Roger Shepard (1929-2022) was a groundbreaking cognitive psychologist whose experiments on mental rotation provided some of the most compelling evidence that the mind constructs and manipulates internal representations that preserve the structural properties of the external world. His work helped establish the legitimacy of studying mental imagery — a topic banished during the behaviorist era — and provided foundational methods and results for spatial cognition research.
Mental Rotation
In the classic Shepard and Metzler (1971) experiment, participants judged whether pairs of three-dimensional block figures were the same shape or mirror images. The key finding was that reaction time increased linearly with the angular disparity between the two figures, suggesting that participants mentally rotated one figure to match the other at a rate of approximately 60 degrees per second. This linear relationship between angle and time implied that mental rotation is an analog process — it passes through intermediate orientations, just as physical rotation does — rather than a discrete symbolic comparison.

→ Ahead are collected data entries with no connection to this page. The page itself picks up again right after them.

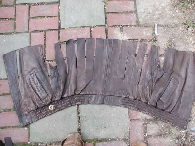 La parte trasera inferior, voltearlo boca abajo y tire la banda elástica alrededor de su cintura. ¿Ver la idea? Todo lo hice desde aquí era cortar aproximadamente 2" tiras un poco más allá de la abertura de la manga, ya que la parte de atrás (donde se unen los bolsillos) probablemente sería cubierto por un manto, de todos modos. La primera tira fue centrada sobre la costura posterior central y trabajado hacia fuera a partir de ahí, terminar con las tiras de alrededor de 14.
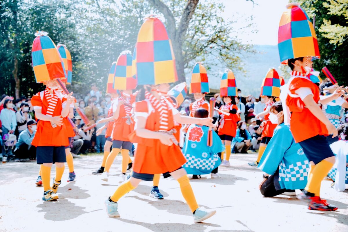 ゴール地点である安弘見神社の麓には、屋台が立ち並び、大勢の人でにぎわっていました。また広場では、地元の小学四年生40人たちによるちびっ子杵振り踊りも披露。ほっこりしますわ。
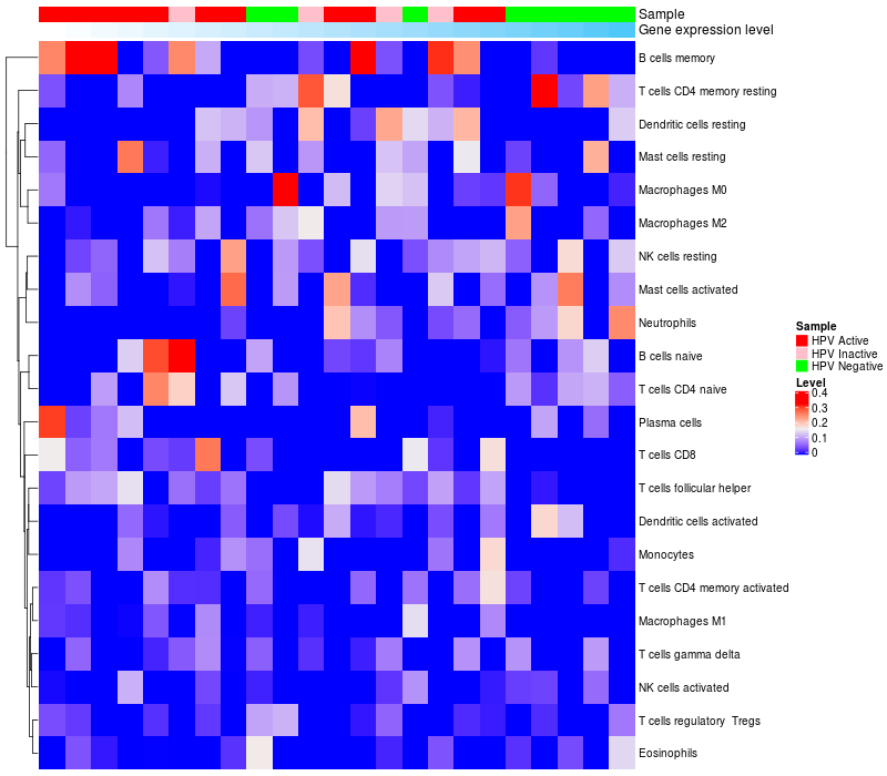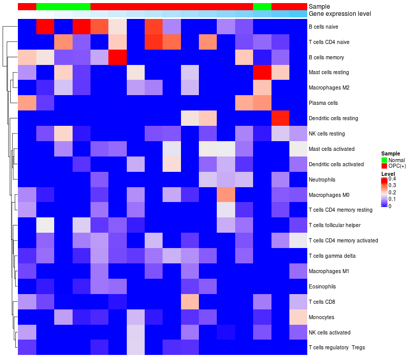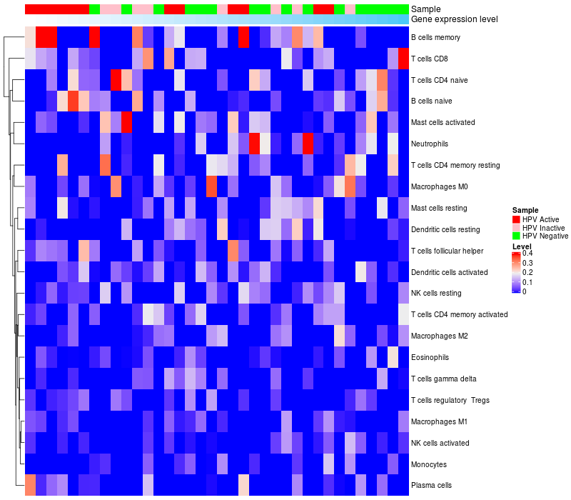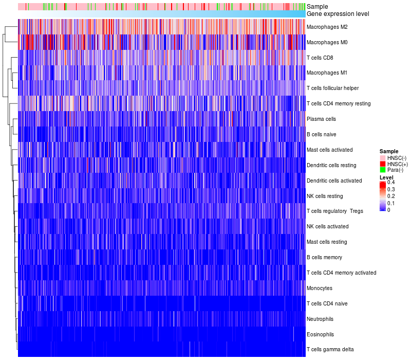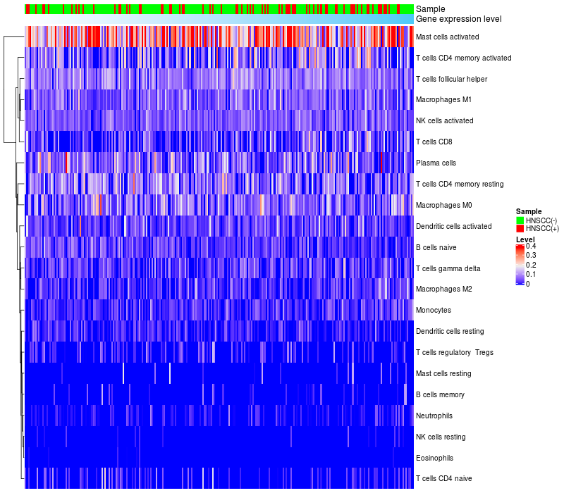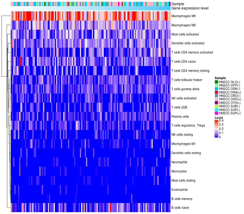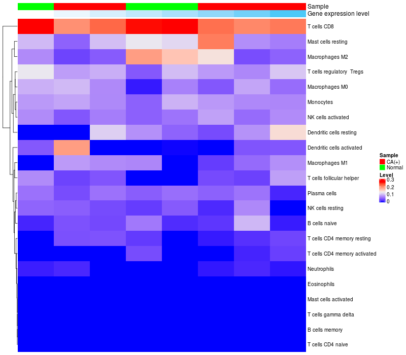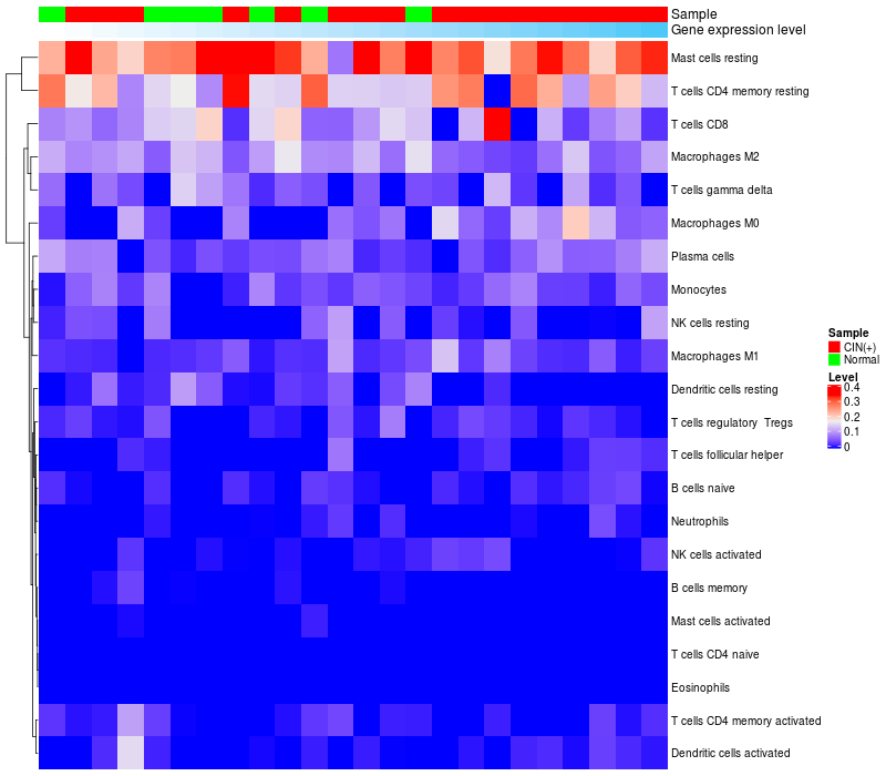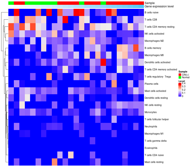 • Left: Heatmap of target gene expression and the level of various types of immune cells (cell type fractions) in all samples based on CIBERSORT method.
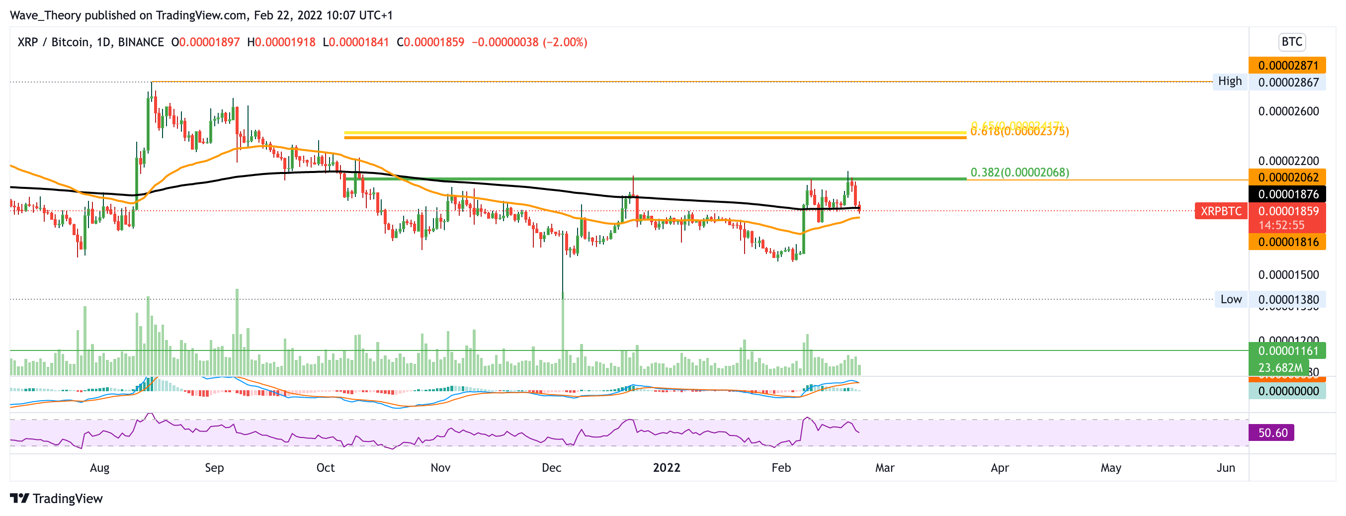 Gegen BTC gibt der Ripple Kurs jedoch bullische Hoffnung. Zwar zeigt der RSI eine bärische Divergenz und das Histogramm des MACDs tickt bärisch tiefer während die MACD Linien bärisch überkreuzt sind, jedoch stehen die EMAs kurz vor einem Golden Crossover. Sollte der Ripple Kurs das 0,382 Fib Niveau bei rund 0,000021 BTC brechen, woran er zuletzt bärisch abgewiesen wurde, findet er bei rund 0,000024 BTC den nächsten signifikanten Widerstand an der Golden Ratio. Durchbricht XRP diesen Widerstand, könnte er einen bullischen Trendwechsel vollziehen.
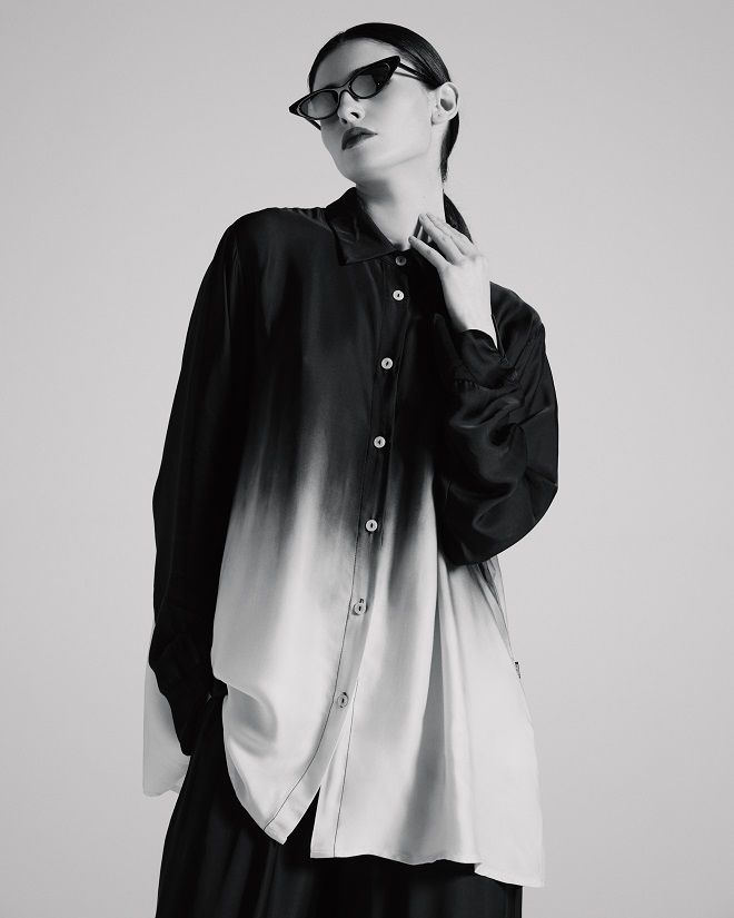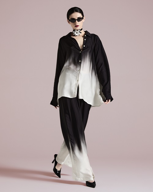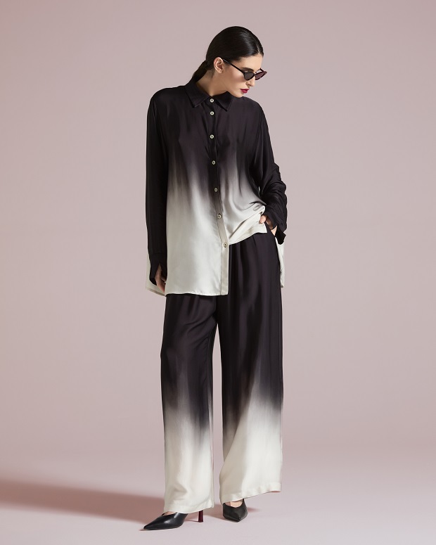 La capsule Marika interpreta questo spirito attraverso il raso di viscosa con stampa sfumata, una superficie viva che attraversa il colore come una linea in continua trasformazione, dallo scuro alla luce. Non è una stampa decorativa, ma un’atmosfera: morbida, dinamica, capace di cambiare intensità con la luce e con il ritmo di chi la indossa.
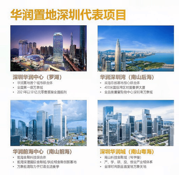 华润置地是华润集团旗下的地产业务旗舰,内地最具实力的综合地产开发商之一,中国商业地产第一品牌,在深代表综合体项目有深圳华润中心、深圳华润城、华润深圳湾、华润前海中心等。
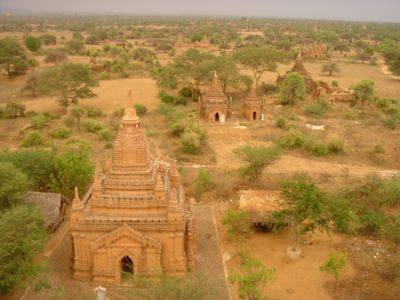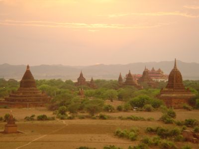 バガンは、11世紀〜13世紀に興隆したパガン王国が栄えた場所で、1044年、ビルマ族による史上初めての統一王国が開かれた土地である。エヤワディ川の岸に広がる乾燥平原に数1000とも言われる仏教建築物が点在し、世界的にも貴重な仏教遺跡である。

Shepard's other major contribution was the universal law of generalization: the probability of generalizing a learned response from one stimulus to another decreases exponentially with the psychological distance between them. This law has been confirmed across species, sensory modalities, and types of stimuli. Shepard argued it reflects an optimal adaptation to a world in which the relevance of past experience to current situations decreases with dissimilarity. This work bridged cognitive psychology and evolutionary psychology, suggesting that fundamental cognitive principles reflect adaptation to environmental structure.